MATERIAL PROVIDED START

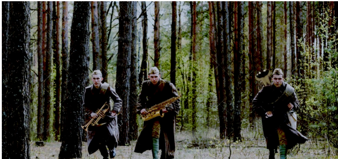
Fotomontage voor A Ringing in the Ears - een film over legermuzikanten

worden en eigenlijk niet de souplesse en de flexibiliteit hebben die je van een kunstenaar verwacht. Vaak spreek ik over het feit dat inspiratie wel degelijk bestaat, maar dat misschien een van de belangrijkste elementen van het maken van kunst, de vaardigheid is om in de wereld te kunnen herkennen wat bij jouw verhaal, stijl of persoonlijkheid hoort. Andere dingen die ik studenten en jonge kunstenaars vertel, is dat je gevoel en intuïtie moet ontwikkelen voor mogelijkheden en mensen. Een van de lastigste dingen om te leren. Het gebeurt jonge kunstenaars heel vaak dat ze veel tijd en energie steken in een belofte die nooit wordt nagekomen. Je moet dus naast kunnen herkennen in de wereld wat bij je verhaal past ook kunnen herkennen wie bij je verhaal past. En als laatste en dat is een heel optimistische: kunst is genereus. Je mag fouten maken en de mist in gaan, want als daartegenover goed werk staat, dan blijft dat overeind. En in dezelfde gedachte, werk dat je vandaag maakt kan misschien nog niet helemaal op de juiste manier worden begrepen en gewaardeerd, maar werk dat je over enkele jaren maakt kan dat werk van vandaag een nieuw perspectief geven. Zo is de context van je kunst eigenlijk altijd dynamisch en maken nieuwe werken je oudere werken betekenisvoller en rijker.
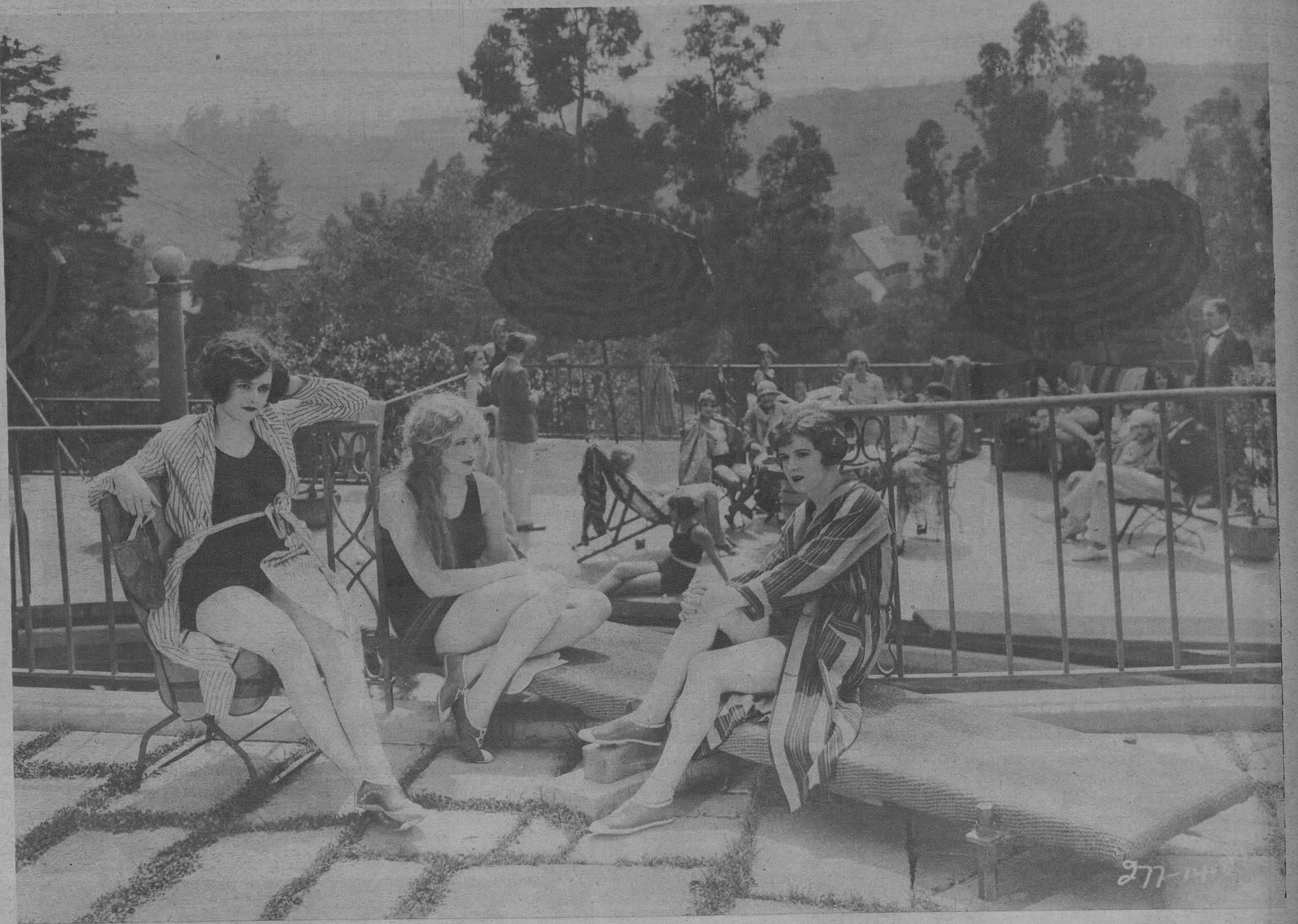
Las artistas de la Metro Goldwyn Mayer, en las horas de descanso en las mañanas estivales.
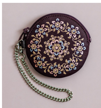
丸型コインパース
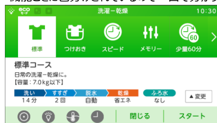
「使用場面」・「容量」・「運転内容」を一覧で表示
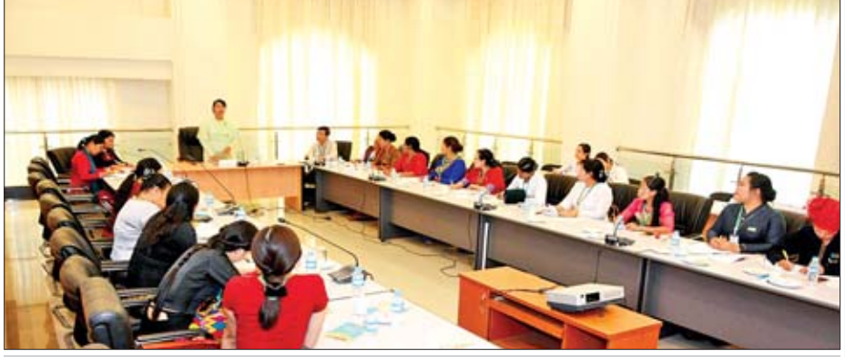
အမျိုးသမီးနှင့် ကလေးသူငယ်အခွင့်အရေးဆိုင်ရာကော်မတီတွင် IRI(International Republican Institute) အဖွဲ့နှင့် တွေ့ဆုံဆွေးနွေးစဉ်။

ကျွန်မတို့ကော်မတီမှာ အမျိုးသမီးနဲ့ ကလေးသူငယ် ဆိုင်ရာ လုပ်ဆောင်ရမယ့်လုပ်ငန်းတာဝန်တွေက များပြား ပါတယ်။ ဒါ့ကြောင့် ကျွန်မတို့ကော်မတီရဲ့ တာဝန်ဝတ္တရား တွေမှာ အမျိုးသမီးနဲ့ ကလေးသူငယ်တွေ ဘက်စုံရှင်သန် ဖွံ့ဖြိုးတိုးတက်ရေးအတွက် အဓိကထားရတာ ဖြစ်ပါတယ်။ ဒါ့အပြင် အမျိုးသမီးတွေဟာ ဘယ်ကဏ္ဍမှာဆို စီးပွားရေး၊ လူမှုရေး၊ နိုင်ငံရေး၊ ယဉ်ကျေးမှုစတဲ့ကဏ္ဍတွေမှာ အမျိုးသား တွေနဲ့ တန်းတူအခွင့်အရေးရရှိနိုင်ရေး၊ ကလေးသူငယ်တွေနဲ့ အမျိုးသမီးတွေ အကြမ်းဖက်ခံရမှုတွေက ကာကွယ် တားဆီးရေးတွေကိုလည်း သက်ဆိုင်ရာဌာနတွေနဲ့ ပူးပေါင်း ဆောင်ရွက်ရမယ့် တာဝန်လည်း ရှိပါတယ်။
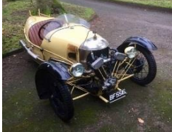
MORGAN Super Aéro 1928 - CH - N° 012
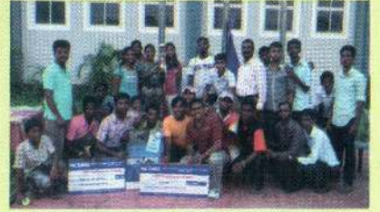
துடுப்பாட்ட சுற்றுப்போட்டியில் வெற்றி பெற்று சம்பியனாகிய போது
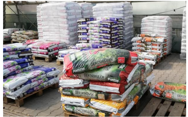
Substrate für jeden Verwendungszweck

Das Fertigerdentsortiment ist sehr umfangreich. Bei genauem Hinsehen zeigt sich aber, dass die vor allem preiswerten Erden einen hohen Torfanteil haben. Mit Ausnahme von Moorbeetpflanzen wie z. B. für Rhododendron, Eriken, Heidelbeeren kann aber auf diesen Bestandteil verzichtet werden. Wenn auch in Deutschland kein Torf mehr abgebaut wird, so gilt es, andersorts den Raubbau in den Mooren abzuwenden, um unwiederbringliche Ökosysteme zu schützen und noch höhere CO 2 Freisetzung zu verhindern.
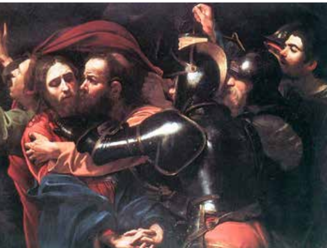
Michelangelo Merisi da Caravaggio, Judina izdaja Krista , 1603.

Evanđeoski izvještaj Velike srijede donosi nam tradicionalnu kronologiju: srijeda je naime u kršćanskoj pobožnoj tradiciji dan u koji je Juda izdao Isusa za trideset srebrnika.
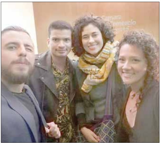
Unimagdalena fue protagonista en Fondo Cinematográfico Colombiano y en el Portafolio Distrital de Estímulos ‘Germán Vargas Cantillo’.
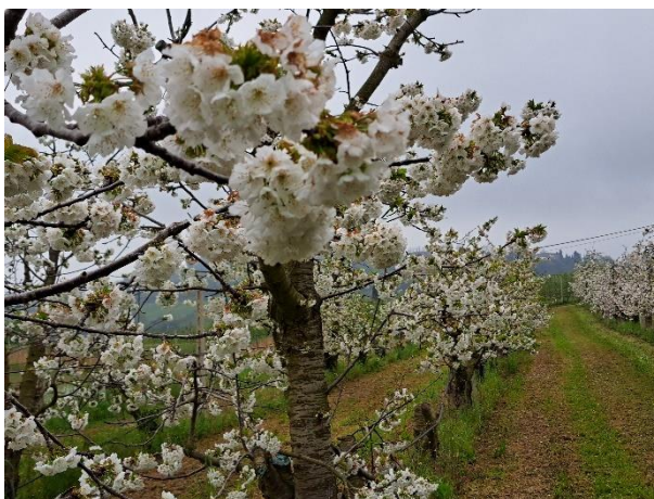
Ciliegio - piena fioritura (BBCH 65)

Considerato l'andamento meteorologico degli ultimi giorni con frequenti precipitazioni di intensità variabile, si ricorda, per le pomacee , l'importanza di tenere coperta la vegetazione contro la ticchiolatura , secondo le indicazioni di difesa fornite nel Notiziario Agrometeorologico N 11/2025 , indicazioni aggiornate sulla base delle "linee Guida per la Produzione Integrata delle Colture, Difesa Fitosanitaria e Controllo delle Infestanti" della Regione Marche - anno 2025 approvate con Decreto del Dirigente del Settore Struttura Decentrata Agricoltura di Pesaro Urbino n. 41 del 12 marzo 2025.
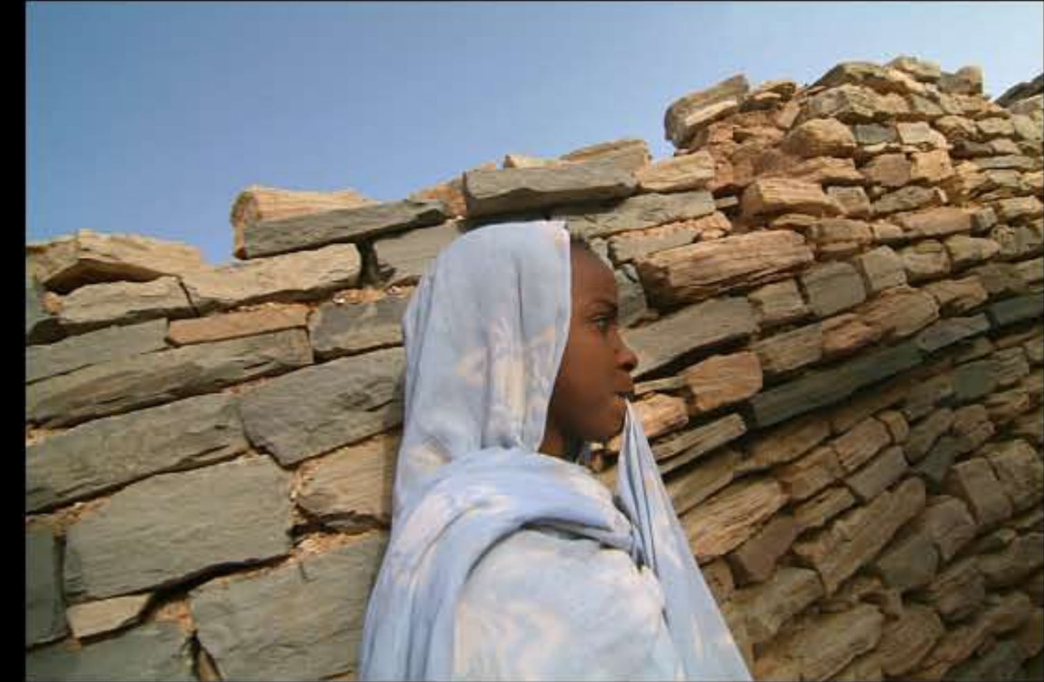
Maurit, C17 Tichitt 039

MATERIAL PROVIDED END

_DIRECTIONS_
Exactly as written, restate all of the data, leaving out the images.

_EXERCISE RESPONSE_
Fotomontage voor A Ringing in the Ears - een film over legermuzikanten

worden en eigenlijk niet de souplesse en de flexibiliteit hebben die je van een kunstenaar verwacht. Vaak spreek ik over het feit dat inspiratie wel degelijk bestaat, maar dat misschien een van de belangrijkste elementen van het maken van kunst, de vaardigheid is om in de wereld te kunnen herkennen wat bij jouw verhaal, stijl of persoonlijkheid hoort. Andere dingen die ik studenten en jonge kunstenaars vertel, is dat je gevoel en intuïtie moet ontwikkelen voor mogelijkheden en mensen. Een van de lastigste dingen om te leren. Het gebeurt jonge kunstenaars heel vaak dat ze veel tijd en energie steken in een belofte die nooit wordt nagekomen. Je moet dus naast kunnen herkennen in de wereld wat bij je verhaal past ook kunnen herkennen wie bij je verhaal past. En als laatste en dat is een heel optimistische: kunst is genereus. Je mag fouten maken en de mist in gaan, want als daartegenover goed werk staat, dan blijft dat overeind. En in dezelfde gedachte, werk dat je vandaag maakt kan misschien nog niet helemaal op de juiste manier worden begrepen en gewaardeerd, maar werk dat je over enkele jaren maakt kan dat werk van vandaag een nieuw perspectief geven. Zo is de context van je kunst eigenlijk altijd dynamisch en maken nieuwe werken je oudere werken betekenisvoller en rijker.
Las artistas de la Metro Goldwyn Mayer, en las horas de descanso en las mañanas estivales.
丸型コインパース
「使用場面」・「容量」・「運転内容」を一覧で表示
အမျိုးသမီးနှင့် ကလေးသူငယ်အခွင့်အရေးဆိုင်ရာကော်မတီတွင် IRI(International Republican Institute) အဖွဲ့နှင့် တွေ့ဆုံဆွေးနွေးစဉ်။

ကျွန်မတို့ကော်မတီမှာ အမျိုးသမီးနဲ့ ကလေးသူငယ် ဆိုင်ရာ လုပ်ဆောင်ရမယ့်လုပ်ငန်းတာဝန်တွေက များပြား ပါတယ်။ ဒါ့ကြောင့် ကျွန်မတို့ကော်မတီရဲ့ တာဝန်ဝတ္တရား တွေမှာ အမျိုးသမီးနဲ့ ကလေးသူငယ်တွေ ဘက်စုံရှင်သန် ဖွံ့ဖြိုးတိုးတက်ရေးအတွက် အဓိကထားရတာ ဖြစ်ပါတယ်။ ဒါ့အပြင် အမျိုးသမီးတွေဟာ ဘယ်ကဏ္ဍမှာဆို စီးပွားရေး၊ လူမှုရေး၊ နိုင်ငံရေး၊ ယဉ်ကျေးမှုစတဲ့ကဏ္ဍတွေမှာ အမျိုးသား တွေနဲ့ တန်းတူအခွင့်အရေးရရှိနိုင်ရေး၊ ကလေးသူငယ်တွေနဲ့ အမျိုးသမီးတွေ အကြမ်းဖက်ခံရမှုတွေက ကာကွယ် တားဆီးရေးတွေကိုလည်း သက်ဆိုင်ရာဌာနတွေနဲ့ ပူးပေါင်း ဆောင်ရွက်ရမယ့် တာဝန်လည်း ရှိပါတယ်။
MORGAN Super Aéro 1928 - CH - N° 012
துடுப்பாட்ட சுற்றுப்போட்டியில் வெற்றி பெற்று சம்பியனாகிய போது
Substrate für jeden Verwendungszweck

Das Fertigerdentsortiment ist sehr umfangreich. Bei genauem Hinsehen zeigt sich aber, dass die vor allem preiswerten Erden einen hohen Torfanteil haben. Mit Ausnahme von Moorbeetpflanzen wie z. B. für Rhododendron, Eriken, Heidelbeeren kann aber auf diesen Bestandteil verzichtet werden. Wenn auch in Deutschland kein Torf mehr abgebaut wird, so gilt es, andersorts den Raubbau in den Mooren abzuwenden, um unwiederbringliche Ökosysteme zu schützen und noch höhere CO 2 Freisetzung zu verhindern.
Michelangelo Merisi da Caravaggio, Judina izdaja Krista , 1603.

Evanđeoski izvještaj Velike srijede donosi nam tradicionalnu kronologiju: srijeda je naime u kršćanskoj pobožnoj tradiciji dan u koji je Juda izdao Isusa za trideset srebrnika.
Unimagdalena fue protagonista en Fondo Cinematográfico Colombiano y en el Portafolio Distrital de Estímulos ‘Germán Vargas Cantillo’.
Ciliegio - piena fioritura (BBCH 65)

Considerato l'andamento meteorologico degli ultimi giorni con frequenti precipitazioni di intensità variabile, si ricorda, per le pomacee , l'importanza di tenere coperta la vegetazione contro la ticchiolatura , secondo le indicazioni di difesa fornite nel Notiziario Agrometeorologico N 11/2025 , indicazioni aggiornate sulla base delle "linee Guida per la Produzione Integrata delle Colture, Difesa Fitosanitaria e Controllo delle Infestanti" della Regione Marche - anno 2025 approvate con Decreto del Dirigente del Settore Struttura Decentrata Agricoltura di Pesaro Urbino n. 41 del 12 marzo 2025.
Maurit, C17 Tichitt 039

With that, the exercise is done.